___ Task inputs

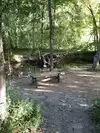 A picnic area at the top of the hill part of the Rock Bridge Memorial park.
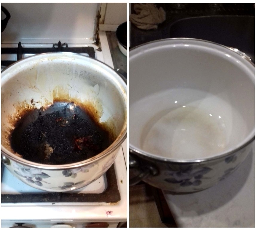 Вот такой казус случился у меня на днях. Поставила варить овощи (морковь и свеклу) на салатик. Прилегла я ненадолго, дома муж и дочь. И не заметила, как уснула. В общем, проснулась я от запаха дыма. А мои домочадцы сидят по разным комнатам и ничего не чувствуют! А на кухне моя любимая кастрюля превратилась… не знаю, во что она превратилась! Конечно, первым делом я залила кастрюлю водой и насыпала туда соли — ложки три. Накрыла крышкой и оставила на целый день и ночь. На следующий день слила воду и легонько жесткой губкой помыла все, что могло отмыться. НЕ СКОБЛИТЬ! Теперь оставляю свою пострадавшую кастрюлю просто сушиться. Лучше где-нибудь у батареи. Пусть хорошенько просохнет, лучше несколько часов. Ну, а сейчас аккуратненько счищаем гарь. Посмотрите, она сама отскакивает! Осталось почистить кастрюлю с любимым чистящим средством — и моя кастрюля как новая!
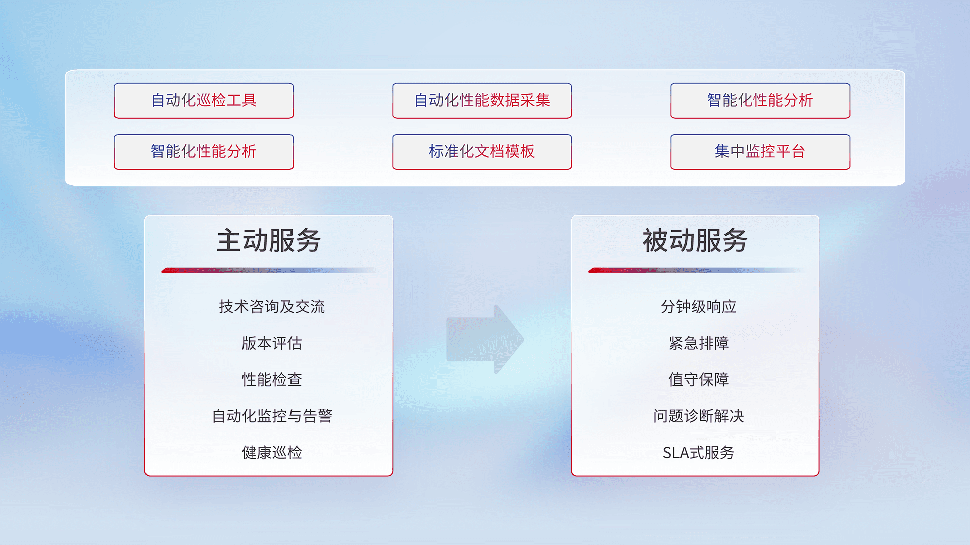 智能化工具和标准化文档,,,,保障服务质量,,,,提供主动服务(包含技术咨询、、、、版本评估、、、性能检查、、自动化监控与告警、、、健康巡检)和被动服务包含(分钟级响应、、、、紧急排障、、、值守保障、、、、问题诊断解决、、SLA服务)。。。。
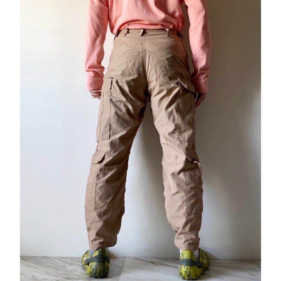 size : 表記s/s(実寸m程度)ウエスト(65〜76まで調整可能)股上29(ウエスト最上部から)股下72.5わたり30程度裾幅20閉じると16サイドの全長99程度
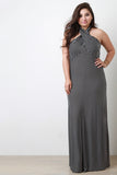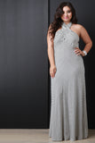 This plus size dress features striped jersey knit, criss-cross neck, open back, and maxi length. Finished with partial lining. Accessories sold separately. S: 68% Rayon, 29% Polyester, 3% Spandex. L: 100% Polyester.
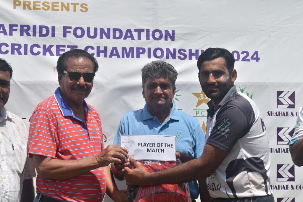 Photo Caption: On the third day of the Shahid Afridi Foundation National Physical Disability T20 Cricket Championship, the chief guest giving the player of the match award to former first-class cricketer Sarwat Ali, Malik Sher, Secretary General Pakistan Physical Disability Cricket Association Amiruddin Ansari. Former first-class cricketer Zia Shamim, Shakeel Sajjad, media manager Muhammad Nizam and others are also present.
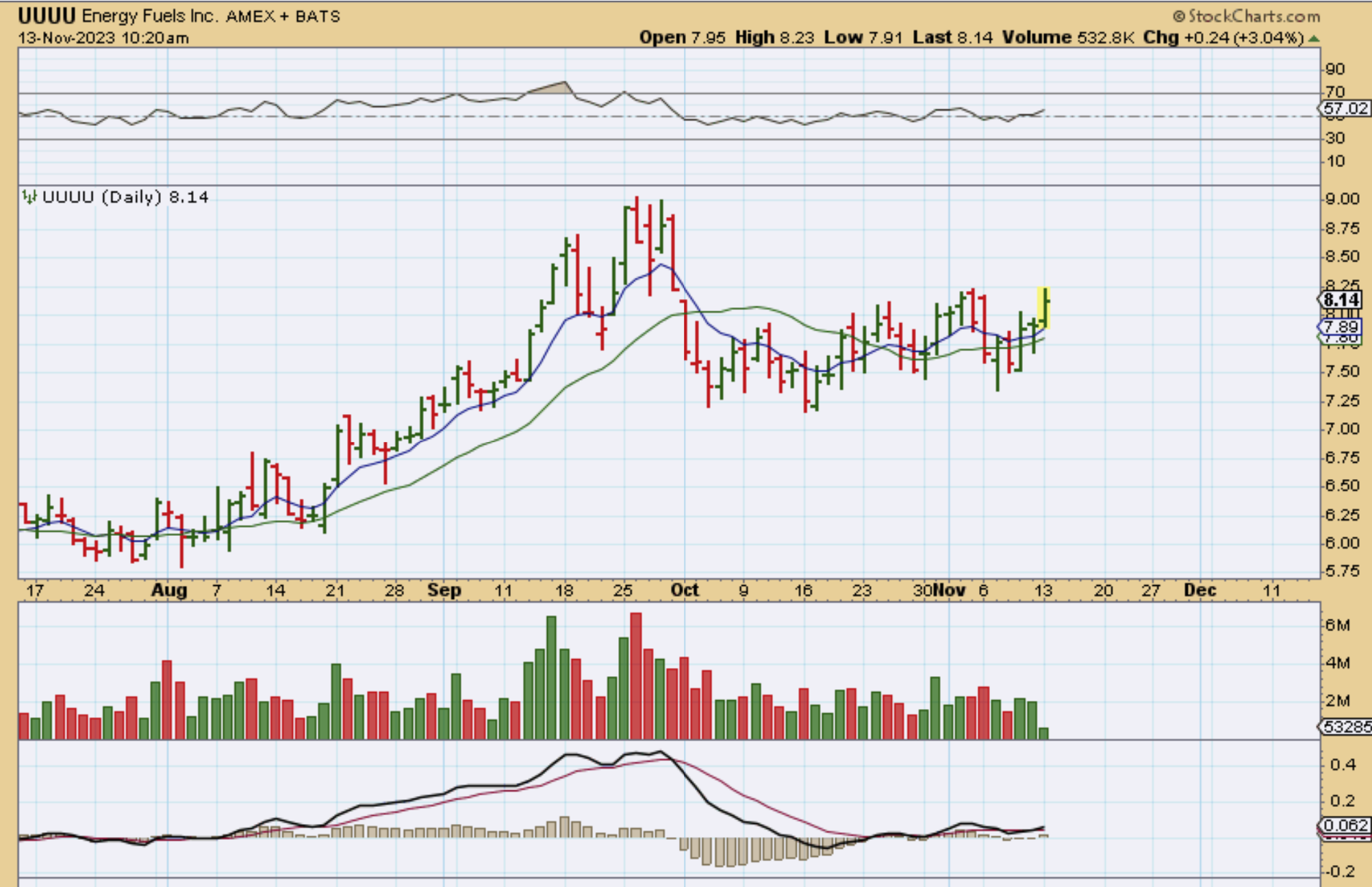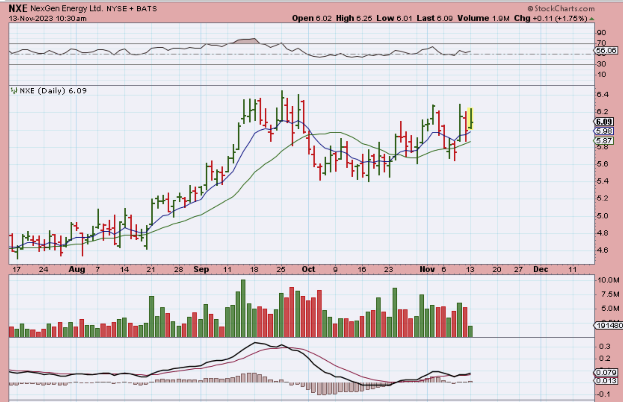I grabbed this chart of NXE as it popped higher and pulled back. NexGen Energy looks to be forming a bullish cup that will break out higher. It closed higher at $6.14.
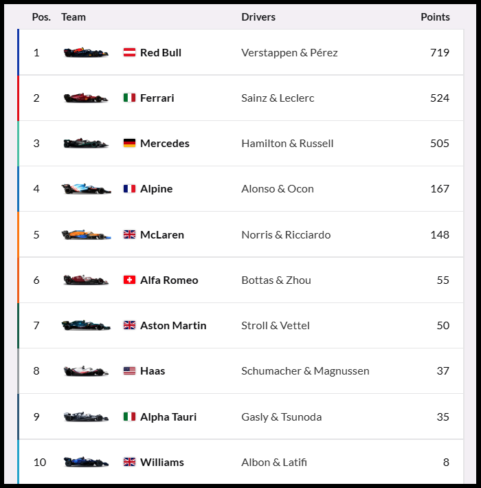 지난 멕시코 그랑프리에서 알핀에게 7점차까지 쫓아왔던 멕라렌은 이번 브라질 그랑프리에서 노리스와 리카르도가 모두 리타이어 한 반면에 알핀은 알론소가 5위로 10포인트, 오콘이 8위로 4포인트를 획득했습니다. 이로 인해 두팀간 의 격차는 19포인트로 벌어졌습니다.

______

_Your objective_. Set down exactly the lines between the line containing "I grabbed this" and the end of the records above, both ends included; pictures stay out.

_Answer to this problem_.
I grabbed this chart of NXE as it popped higher and pulled back. NexGen Energy looks to be forming a bullish cup that will break out higher. It closed higher at $6.14.
 지난 멕시코 그랑프리에서 알핀에게 7점차까지 쫓아왔던 멕라렌은 이번 브라질 그랑프리에서 노리스와 리카르도가 모두 리타이어 한 반면에 알핀은 알론소가 5위로 10포인트, 오콘이 8위로 4포인트를 획득했습니다. 이로 인해 두팀간 의 격차는 19포인트로 벌어졌습니다.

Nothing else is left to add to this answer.